Мисс Фреда посмотрела на мою маму – Джазовый оркестр? Пятьдесят обученных танцоров? В детском лагере?

Мисс Фреде было невдомек, что она попала под перекрестный огонь нашей с мамой веселой игры, которая продолжается и по сей день. По правилам этой игры, я описываю самую яркую, захватывающую, невероятную сцену, которую только могу представить, перемешиваю ее с тем, что случилось со мной на самом деле, а мамулина задача – определить, что из этого правда и в каком случае ей нужно что-то предпринять.

Мама замолчала и близко наклонилась ко мне. Ее взгляд работал как старинный детектор лжи, действующий на материнской мудрости. Он выискивал малейшие прорехи в моей невероятной истории. Я не повел и бровью.

Но она увидела достаточно.

– Уиллард, не шути так. В лагере Сэйр не было никакого джазового оркестра.

– Нет, мама, я точно говорю – это было обалденно.

Сбитая с толку мисс Фреда сказала:

– Но Кэролайн, он ведь даже не знает, как называется тромбон – значит, наверное, правда видел его?

– Нет. Он все время такое проделывает.

Ровно в этот момент в кухню зашла Пэм, и мама спросила:

– Пэм, сегодня в лагере правда был большой джазовый оркестр, конкурс танцев и тромбон?

Пэм закатила глаза.

– Чего?! Нет, конечно. Это был музыкальный автомат, мам. Уилл целый день стоял там и слушал музыку – даже в бассейн не пошел.

Мамуля посмотрела на мисс Фреду.

– Я же говорила.

Я расхохотался – мамуля выиграла этот раунд, но я хотя бы победил мисс Фреду.


Мое воображение – это дар, а когда он совмещается с моим умением работать, с неба начинает идти дождь из денег.

Мамуля всегда больше всего во мне любила мое воображение (и то, что я хорошо учился). У нее ко мне немного странное отношение. Она любит то, как я валяю дурака, но требует, чтобы я был умным.

Когда-то в жизни она решила, что может говорить только о важном: об образовательной реформе, инвестициях в будущее, недобросовестных законах в сфере здравоохранения.
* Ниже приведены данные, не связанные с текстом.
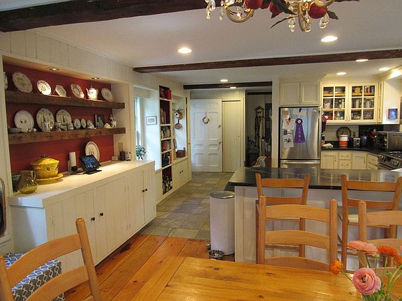 Beautiful edge of village setting. The period features and grace of this period home are retained with the updates desired today in the energy efficient and convenience. The country kitchen with dining area and wood stove leads to the screened porch for summer dining or to catch a cooling breeze. This also over looks the back yard and hill of apple trees that have been pruned yearly by an arborist. The abundance of space allows for guests, separate office spaces, quiet reading or hobbies. The barn has served many purposes in the past such as home industry and, studio and gym. This charming village is just 15 minutes from Brattleboro and about 20 minutes to Mount Snow.

Она «не терпит глупости». Они с папулей вечно спорили обо всем на свете.

– Интеграция – это худшее, что происходило с черными, – категорически заявлял папуля.

– Я тебе не верю, Уилл, – ты просто пытаешься меня позлить, – отмахивалась мамуля.
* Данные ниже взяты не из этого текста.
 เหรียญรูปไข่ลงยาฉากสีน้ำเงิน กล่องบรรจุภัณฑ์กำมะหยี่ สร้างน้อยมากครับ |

– Нет, ты послушай, Кэролайн! До интеграции у нас все было свое. Черный бизнес процветал, потому что ниггерам приходилось покупать у ниггеров. Химчистка, ресторан, мастерская – все были нужны друг другу. Но как только черным разрешили есть в Макдоналдсе, вся наша экономическая инфраструктура пошла коту под хвост.

– Так ты считаешь, что лучше было бы растить детей в рабстве или сегрегации? – говорила мамуля.

– Я считаю, что, если бы фонтан принадлежал ниггерам, то ниггеров нанимали бы его чинить.

Мамуля никогда бы так не сказала папуле в лицо, но нам она всегда повторяла:

– Никогда не спорь с дураком, потому что со стороны не поймешь, кто из вас дурак.

Если она прекращала с тобой спорить, сразу было ясно, что она думает о твоей точке зрения.

Когда я выдумываю глупости, груз ее забот о мире становится легче. Но ей нужно, чтобы я говорил и умные вещи. Она считает, что я смогу выжить, только если буду умным. Ей нравится, когда соотношение ума и глупости составляет где-то 60 к 40. Она – моя лучшая зрительница. Есть в ней какая-то неведомая ей самой часть, которая меня все время подначивает.

Ну же, Уилл, глупее, умнее, глупее, умнее…

Мне нравится закинуть ей с виду ужасную глупость с умным зерном внутри и ждать, клюнет ли она. Мой любимый момент – выражение ее лица, когда она замечает умную вещь в дурацкой обертке.

Юмор – это продолжение ума. Трудно быть по-настоящему смешным, если ты не очень умен. А смех – это мамулино лекарство. В каком-то смысле я – ее маленький доктор, и чем больше она смеется, тем нелепее, умнее и грандиознее то, что я придумываю.


В детстве я пропадал в своем воображении. Я мог грезить бесконечно – для меня не было лучшего развлечения, чем миры моих фантазий. В лагере и впрямь был джазовый оркестр. Я слышал трубы, видел тромбон, штаны с подтяжками и соломенные шляпы, танцоров на сцене. Миры, которые мой разум создавал и населял, были для меня так же реальны, как «явь», а иногда даже реальнее.

Этот постоянный поток образов, цветов, идей и глупостей стал моим пристанищем. А потом возможность разделить с кем-то это пространство, перенести кого-нибудь туда, стала наивысшей формой счастья. Мне нравится полностью завладевать вниманием людей, сажать их на аттракцион эмоций, гармонирующих с порождением моих фантазий.

Для меня грань между фантазией и реальностью всегда была тонкой и прозрачной, и я мог легко пересекать ее туда и обратно.

Беда в том, что фантазия одного человека – это ложь для другого. У себя в околотке я прослыл заядлым вруном. Друзья никогда не верили моим словам.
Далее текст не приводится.